Because selenium leaches slowly from waste rocks, the water flowing out of the waste rock dumps is expected to have high selenium concentrations for many centuries. We can’t rely on expensive active treatment processes to remove selenium from the water for centuries, so the only real solution is to keep the selenium out of the water in the first place.
A number of different techniques have been proposed and tested on small scales, but they all boil down to either keeping the water out of the waste rock dump or keeping oxygen out of the waste rock dump (without oxygen, selenium leaching is greatly reduced). You can read more in the Strategic Advisory Panel on Selenium Management report.
The problem is that these alternative methods of building waste rock dumps cost more than just dumping the waste rock in the nearest valley.
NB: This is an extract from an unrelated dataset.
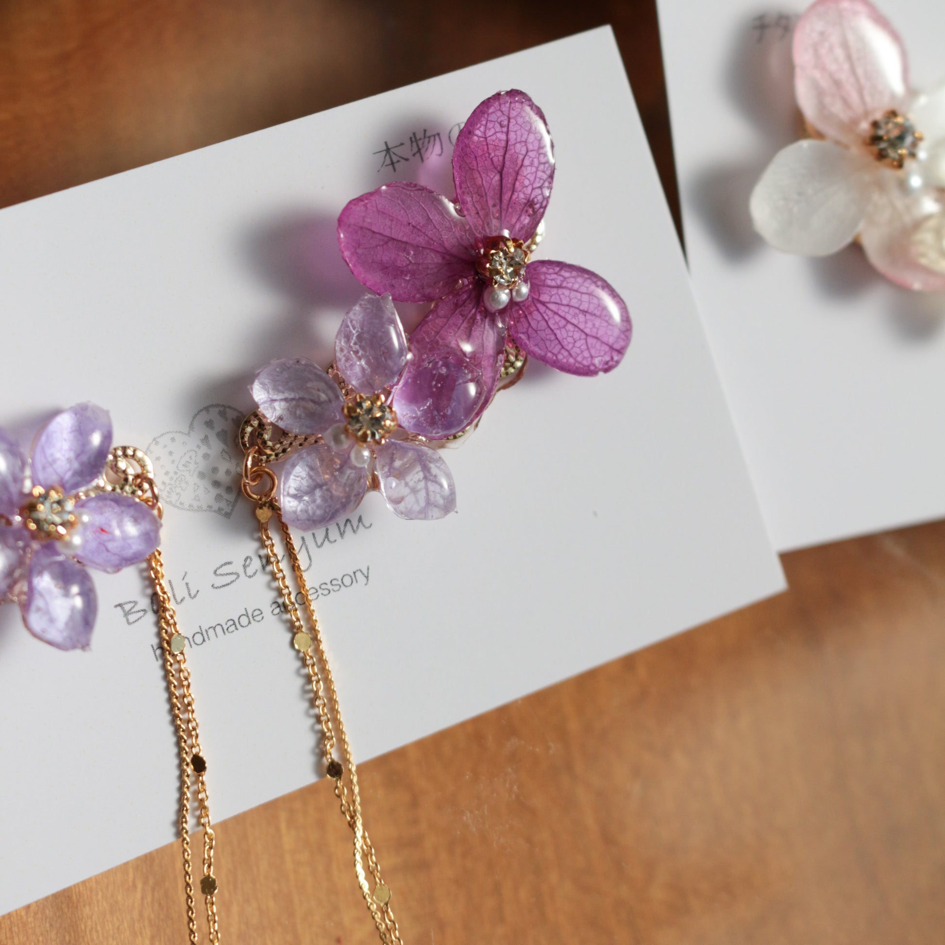 Hydrangea Flying Butterfly Earrings No.41 - Titanium Pierce(ピアス)

It’s cheaper in the short term to build a water treatment plant to remove selenium than to change mining practices to keep the selenium out of our water in the first place. For a publicly traded company like Teck, centuries are far beyond their timeframe.
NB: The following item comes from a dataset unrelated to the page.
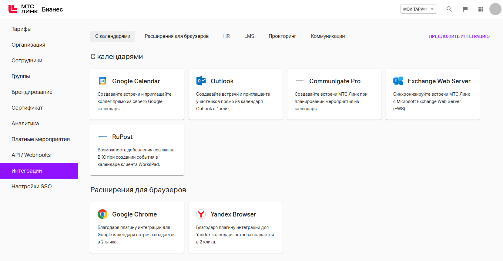 В разделе «Интеграции» доступны варианты интеграций платформы МТС Линк со следующими системами:

How is the Line Creek treatment plant making the selenium problem worse?
The treatment involves a biological process that removes selenium from the water—and it does work. Unfortunately, biology is complex and it turns out that in the process some of the remaining selenium is being converted into forms that are many times more easily taken up into the food chain than the normal form of selenium.
The end result is that total selenium downstream of the plant is lower, but because of its higher bioavailability, selenium levels in fish downstream are higher than they would be if the treatment plant weren’t operating.
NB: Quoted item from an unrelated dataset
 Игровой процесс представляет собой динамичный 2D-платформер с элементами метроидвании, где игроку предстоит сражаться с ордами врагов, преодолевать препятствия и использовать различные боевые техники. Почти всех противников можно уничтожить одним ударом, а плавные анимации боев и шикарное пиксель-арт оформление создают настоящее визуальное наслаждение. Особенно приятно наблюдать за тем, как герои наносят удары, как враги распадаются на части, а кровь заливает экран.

Teck has a plan to add a chemical process to the treatment to convert these more bioavailable forms of selenium to the normal form, but it is not yet installed.
How are allowable levels of selenium downstream of the Elk Valley coal mines determined?
The selenium problem coming from the Elk Valley coal mines has been known since the 90s, but it was only in 2013 that the BC Government ordered Teck to develop a plan to get a handle on selenium pollution (and other types of pollution including nitrate, calcite, cadmium and sulphate).
Teck worked with various consultants under BC’s professional reliance system to develop acceptable levels of pollution based on acceptable levels of reproductive failures in fish and other aquatic life. The resulting document, Teck’s Elk Valley Water Quality Plan (PDF) sets out the maximum levels of selenium at various locations in the Elk Valley and downstream, with targets coming into effect over the next 16 years. As BC has only a water quality guideline for selenium, not a legal maximum, the Elk Valley Water Quality Plan selenium targets, developed by Teck and their consultants and approved by the province, are many times higher than the BC water quality guideline.
There are two additional wrinkles: Environment Canada and Montana. Environment Canada has no regulations on selenium, but by default it is a contravention of the Fisheries Act to pollute streams with fish in them. Since a regulation for selenium is being developed, but won’t be ready for at least a few years, it isn’t clear if Environment Canada is willing to enforce the Fisheries Act in the Elk Valley.
As water from the Elk Valley flows into the Kootenay River and the Koocanusa Reservoir, which crosses the US border into Montana, there is a lot of concern from south of the border about selenium pollution. The US has their own rules about selenium, but of course they can’t enforce their rules in Canada.